Task instructions =
Find the line containing "2024春下册三年级语文人教版 第六单元 多彩童年——18. 童年的水墨画" in the listing below. Repeat it exactly, along with each following line up to and including the one containing "Student loans/defense borrower case".

Material for the task =
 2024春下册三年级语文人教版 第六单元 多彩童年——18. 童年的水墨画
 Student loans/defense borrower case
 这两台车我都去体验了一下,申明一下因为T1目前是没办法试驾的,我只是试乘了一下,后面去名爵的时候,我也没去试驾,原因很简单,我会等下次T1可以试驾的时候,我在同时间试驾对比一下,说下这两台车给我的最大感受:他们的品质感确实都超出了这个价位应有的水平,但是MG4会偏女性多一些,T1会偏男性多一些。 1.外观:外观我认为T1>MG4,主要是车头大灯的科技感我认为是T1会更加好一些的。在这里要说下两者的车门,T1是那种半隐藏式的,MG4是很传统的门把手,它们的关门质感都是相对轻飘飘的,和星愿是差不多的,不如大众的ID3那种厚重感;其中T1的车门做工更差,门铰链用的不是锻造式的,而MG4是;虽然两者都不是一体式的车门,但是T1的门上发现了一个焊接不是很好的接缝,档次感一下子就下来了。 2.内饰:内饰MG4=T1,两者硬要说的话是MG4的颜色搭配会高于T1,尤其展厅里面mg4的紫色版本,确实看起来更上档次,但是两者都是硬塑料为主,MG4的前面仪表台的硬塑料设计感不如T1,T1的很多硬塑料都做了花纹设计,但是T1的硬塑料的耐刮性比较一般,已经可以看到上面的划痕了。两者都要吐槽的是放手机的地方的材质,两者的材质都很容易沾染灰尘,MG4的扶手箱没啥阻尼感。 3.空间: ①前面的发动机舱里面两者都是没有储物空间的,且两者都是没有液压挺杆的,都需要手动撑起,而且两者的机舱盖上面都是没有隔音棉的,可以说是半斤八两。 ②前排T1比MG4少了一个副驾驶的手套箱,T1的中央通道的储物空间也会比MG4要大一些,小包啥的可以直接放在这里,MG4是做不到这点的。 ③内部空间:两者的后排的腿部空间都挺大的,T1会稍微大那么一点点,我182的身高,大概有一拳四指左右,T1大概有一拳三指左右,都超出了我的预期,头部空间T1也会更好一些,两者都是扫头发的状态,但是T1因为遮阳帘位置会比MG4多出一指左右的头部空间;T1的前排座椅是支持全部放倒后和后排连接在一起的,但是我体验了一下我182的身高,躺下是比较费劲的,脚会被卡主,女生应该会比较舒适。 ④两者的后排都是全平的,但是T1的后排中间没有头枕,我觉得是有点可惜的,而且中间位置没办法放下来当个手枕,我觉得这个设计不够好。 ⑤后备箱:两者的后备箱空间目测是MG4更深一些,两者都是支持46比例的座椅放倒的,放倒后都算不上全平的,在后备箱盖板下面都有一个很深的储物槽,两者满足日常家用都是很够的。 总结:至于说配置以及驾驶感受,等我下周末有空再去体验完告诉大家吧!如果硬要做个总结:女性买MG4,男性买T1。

--

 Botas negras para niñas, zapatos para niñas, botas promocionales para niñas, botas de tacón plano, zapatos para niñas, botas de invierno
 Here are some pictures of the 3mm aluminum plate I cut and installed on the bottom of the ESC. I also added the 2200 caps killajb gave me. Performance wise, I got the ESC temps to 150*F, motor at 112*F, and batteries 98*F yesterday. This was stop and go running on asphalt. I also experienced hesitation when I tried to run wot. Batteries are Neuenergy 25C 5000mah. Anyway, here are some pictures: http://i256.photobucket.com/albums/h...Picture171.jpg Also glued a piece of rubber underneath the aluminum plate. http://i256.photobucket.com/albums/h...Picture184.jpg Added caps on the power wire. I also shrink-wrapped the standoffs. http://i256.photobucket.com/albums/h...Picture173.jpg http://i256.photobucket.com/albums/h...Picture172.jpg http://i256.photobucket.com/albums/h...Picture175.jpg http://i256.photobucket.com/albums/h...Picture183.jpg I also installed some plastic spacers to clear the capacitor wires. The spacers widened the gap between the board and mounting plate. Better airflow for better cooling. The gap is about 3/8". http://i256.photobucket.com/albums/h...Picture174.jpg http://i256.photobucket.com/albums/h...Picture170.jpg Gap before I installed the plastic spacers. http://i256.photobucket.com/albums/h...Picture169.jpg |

Answer section =
 2024春下册三年级语文人教版 第六单元 多彩童年——18. 童年的水墨画
 Student loans/defense borrower case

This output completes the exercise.